(DATA FOR PROCESSING begins)
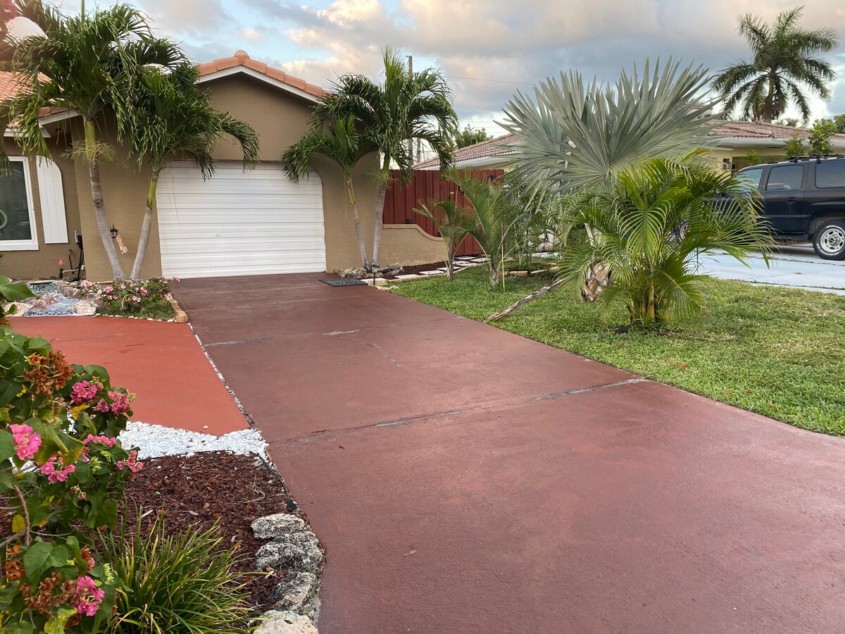 Gelin ve kendi stüdyonuzun mahremiyetiyle yerel bir deneyim yaşayın! Sessiz, aile merkezli semtte tamamen yenilenmiş misafir süiti. Her şey yepyeni, lüks şelale duş, konforlu kral yatak, akıllı TV (kablolu değil), mini buzdolabı, mikrodalga fırın, lavabo, elektrikli ocak, elektrikli ızgara ve kendi çamaşır makineniz ve kurutucunuz! Özel açık alan! Ev sahipleri Deerfield Beach yerlileridir ve ihtiyacınız olan her konuda size yardımcı olmak için hemen yanınızdadır!
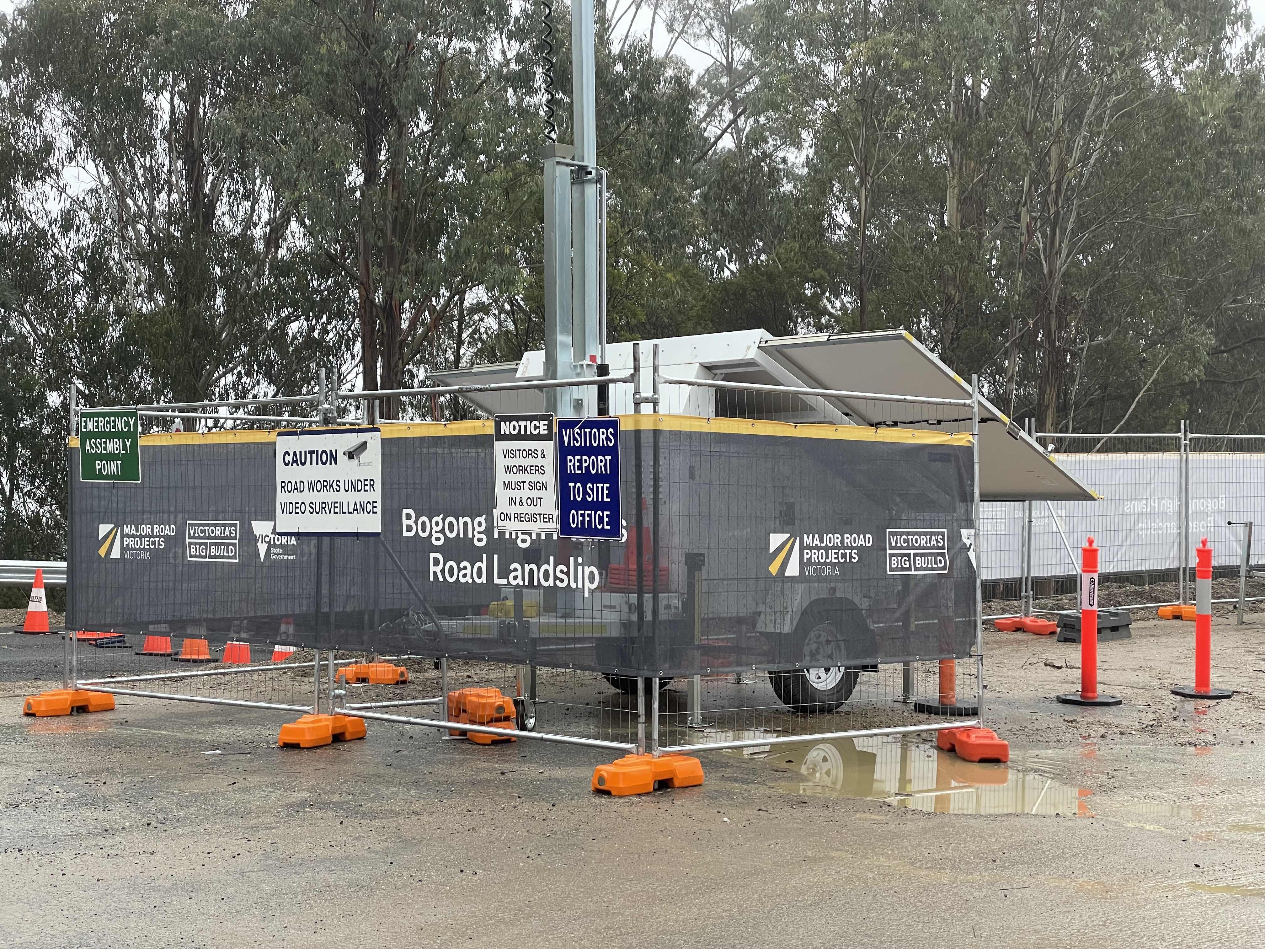 Recording of dump truck driving towards landslip.
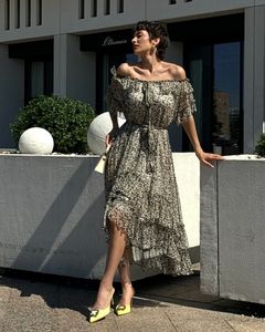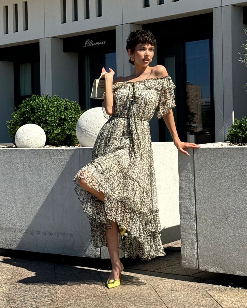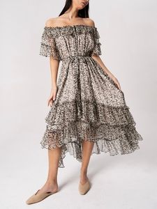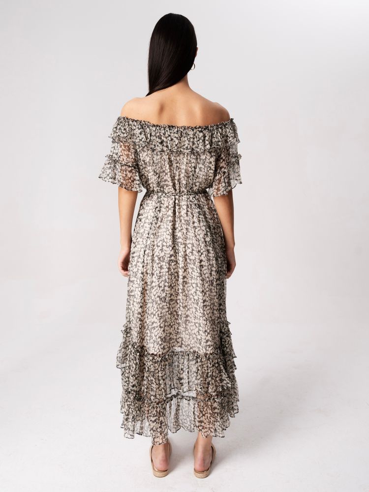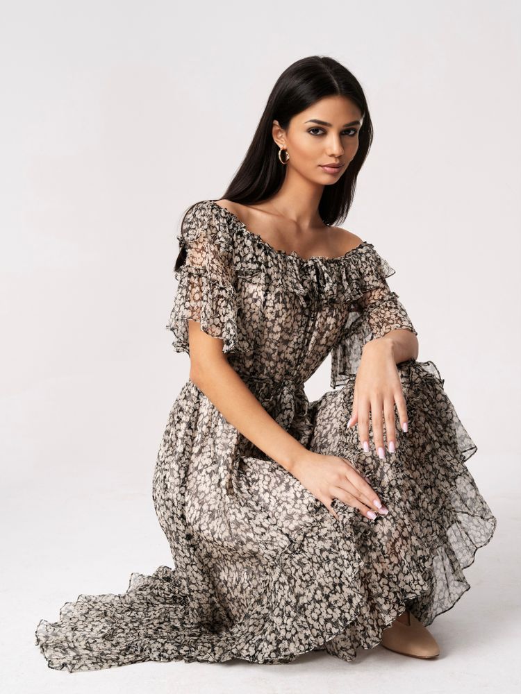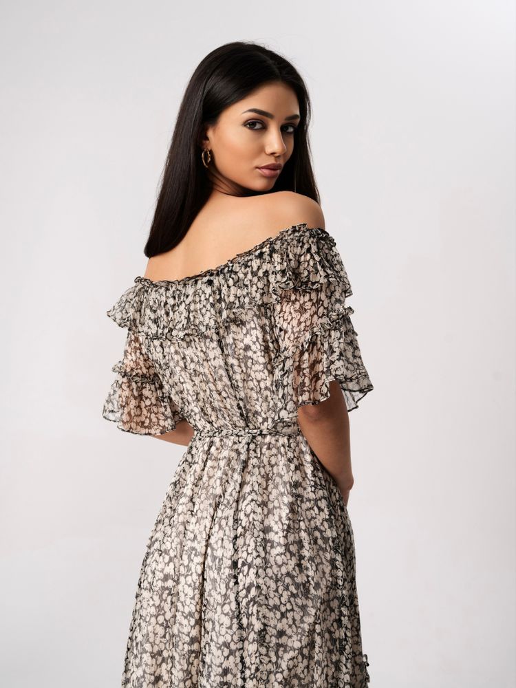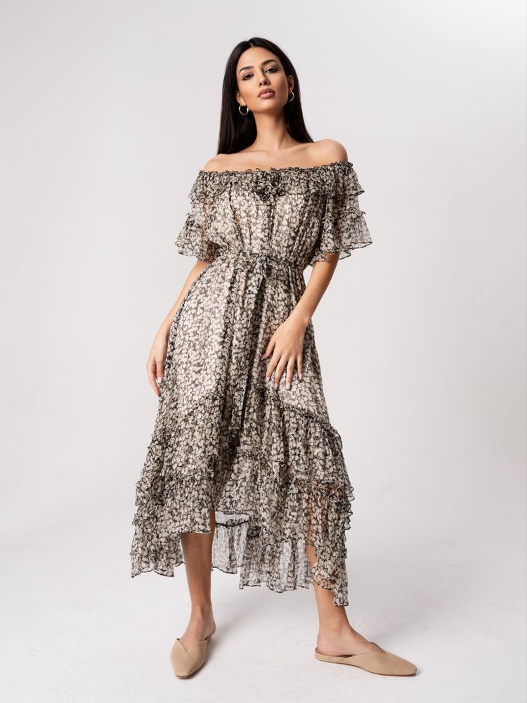 Платье крестьянка из натурального шелка с коротким рукавом с рюшами и поясом в комплекте. Свободный летящий крой
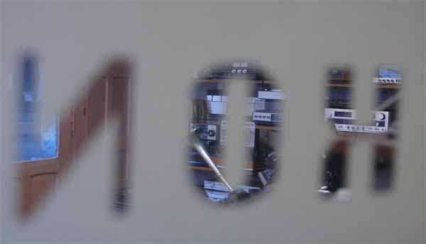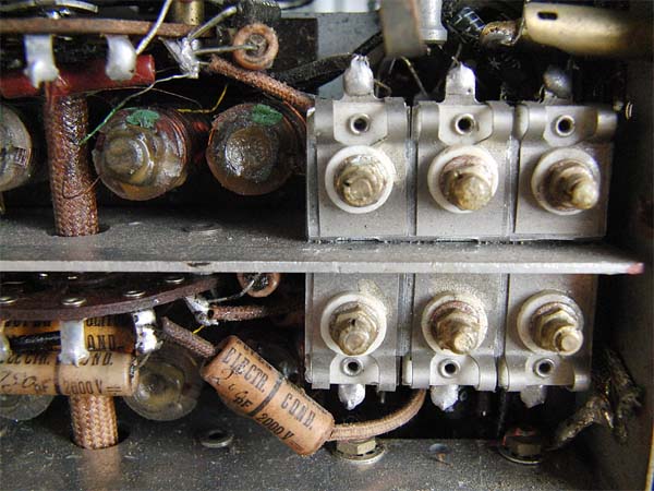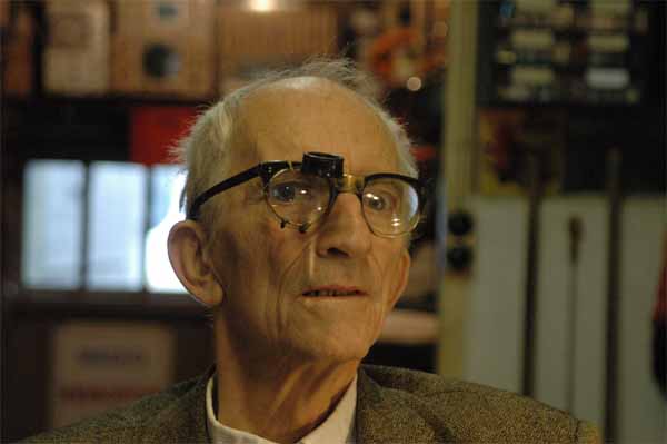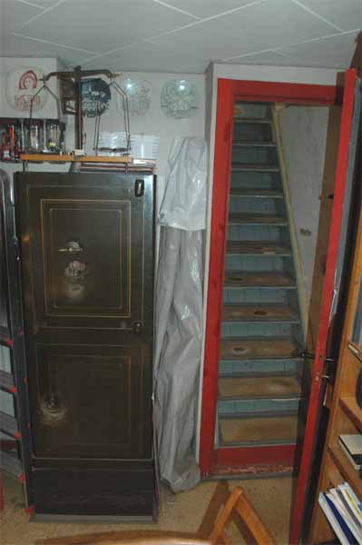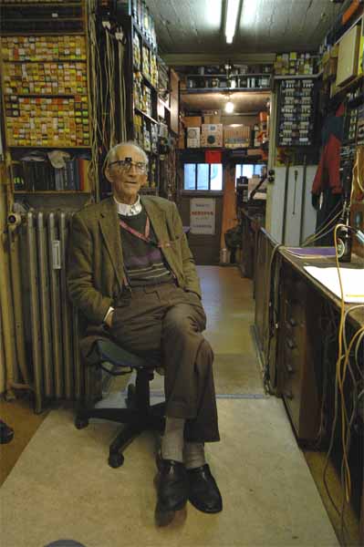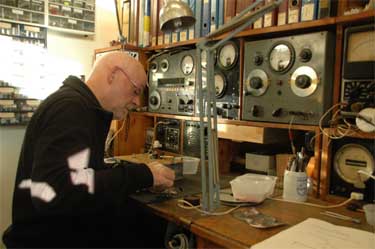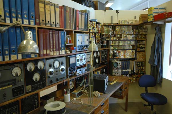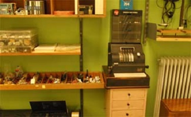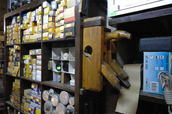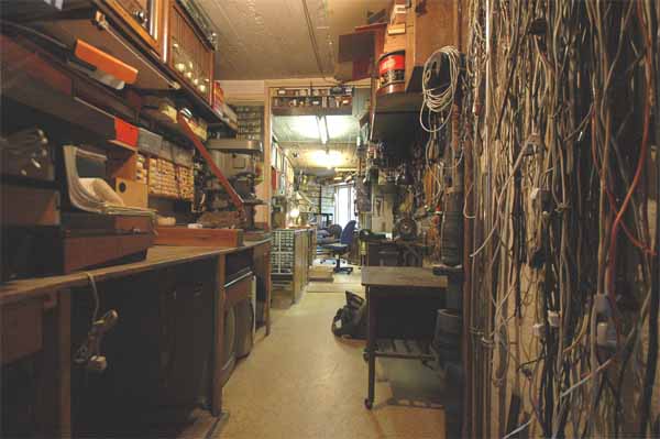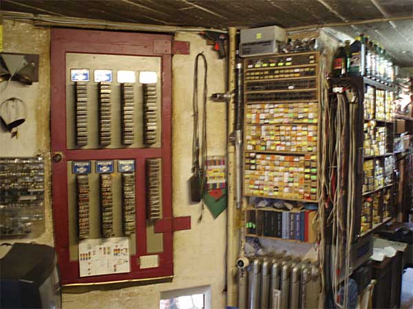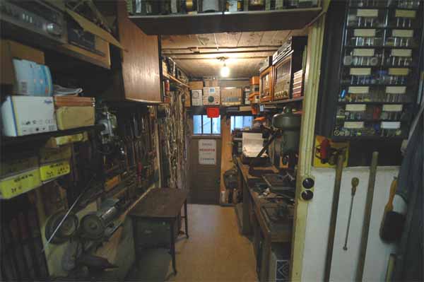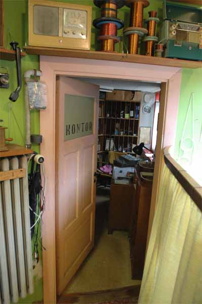 Lidt apparater, ruller med kobbertråd, og kighul så man kan se ned i butikken oppe fra værkstedet - og omvendt.
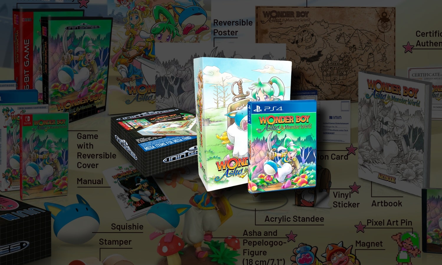 Wonder Boy Mega Collector’s Edition PS4. Cette édition PlayStation 4 propose un jeu d’action-aventure centré sur Asha, une héroïne qui quitte son quotidien pour répondre à une mission de sauvegarde. Le joueur explore des environnements alternant phases de déplacement, séquences de plateforme et confrontations, avec l’aide de Pepelogoo, un compagnon volant bleu qui soutient la progression lors des passages demandant précision et observation. Le titre est présenté comme officiellement licencié, avec une édition distribuée en exclusivité, numérotée individuellement et annoncée comme limitée à 499 exemplaires dans le monde.
(DATA FOR PROCESSING ends)
(WHAT NEEDS TO BE DONE):
Write out exactly the lines between the start of the data and the line with "Lidt apparater, ruller", including both, but none of the pictures.

(OUTPUT BELOW):
 Gelin ve kendi stüdyonuzun mahremiyetiyle yerel bir deneyim yaşayın! Sessiz, aile merkezli semtte tamamen yenilenmiş misafir süiti. Her şey yepyeni, lüks şelale duş, konforlu kral yatak, akıllı TV (kablolu değil), mini buzdolabı, mikrodalga fırın, lavabo, elektrikli ocak, elektrikli ızgara ve kendi çamaşır makineniz ve kurutucunuz! Özel açık alan! Ev sahipleri Deerfield Beach yerlileridir ve ihtiyacınız olan her konuda size yardımcı olmak için hemen yanınızdadır!
 Recording of dump truck driving towards landslip.
 Платье крестьянка из натурального шелка с коротким рукавом с рюшами и поясом в комплекте. Свободный летящий крой
 Lidt apparater, ruller med kobbertråd, og kighul så man kan se ned i butikken oppe fra værkstedet - og omvendt.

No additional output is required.